• _YOUR INSTRUCTIONS_:
The word "wood" marks the lines to find; copy every such line from the data below.

------ DATA

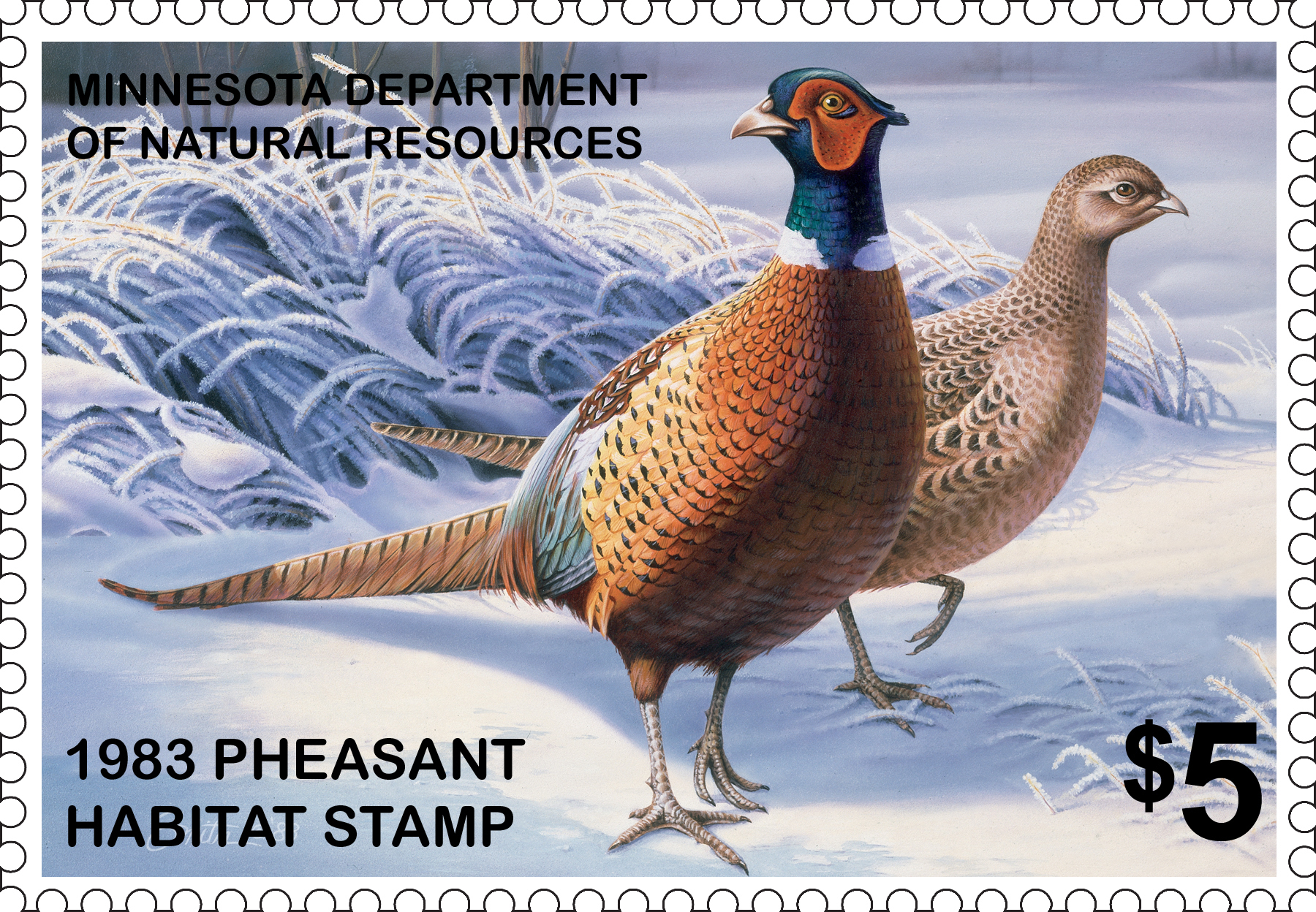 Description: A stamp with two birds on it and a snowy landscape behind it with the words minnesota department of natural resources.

------------
------ DATA

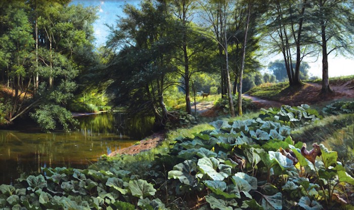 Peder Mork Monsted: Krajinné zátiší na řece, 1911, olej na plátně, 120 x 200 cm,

------------
------ DATA

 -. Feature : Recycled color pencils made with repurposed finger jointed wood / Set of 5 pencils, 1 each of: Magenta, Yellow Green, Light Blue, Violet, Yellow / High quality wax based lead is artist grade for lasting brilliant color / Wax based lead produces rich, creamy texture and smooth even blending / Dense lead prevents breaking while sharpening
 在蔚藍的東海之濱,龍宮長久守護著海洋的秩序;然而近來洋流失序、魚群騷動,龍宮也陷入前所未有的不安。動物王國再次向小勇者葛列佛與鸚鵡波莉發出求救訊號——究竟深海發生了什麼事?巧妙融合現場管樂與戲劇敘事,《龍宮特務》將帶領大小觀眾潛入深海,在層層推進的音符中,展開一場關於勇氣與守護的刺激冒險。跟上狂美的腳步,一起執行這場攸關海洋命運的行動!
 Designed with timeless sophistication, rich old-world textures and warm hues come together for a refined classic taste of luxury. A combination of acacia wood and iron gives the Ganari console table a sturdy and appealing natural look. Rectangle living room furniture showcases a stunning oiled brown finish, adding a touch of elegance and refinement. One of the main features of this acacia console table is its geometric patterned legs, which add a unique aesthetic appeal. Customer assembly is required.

------------

• _THE COMPLETED TASK_:
 -. Feature : Recycled color pencils made with repurposed finger jointed wood / Set of 5 pencils, 1 each of: Magenta, Yellow Green, Light Blue, Violet, Yellow / High quality wax based lead is artist grade for lasting brilliant color / Wax based lead produces rich, creamy texture and smooth even blending / Dense lead prevents breaking while sharpening
 Designed with timeless sophistication, rich old-world textures and warm hues come together for a refined classic taste of luxury. A combination of acacia wood and iron gives the Ganari console table a sturdy and appealing natural look. Rectangle living room furniture showcases a stunning oiled brown finish, adding a touch of elegance and refinement. One of the main features of this acacia console table is its geometric patterned legs, which add a unique aesthetic appeal. Customer assembly is required.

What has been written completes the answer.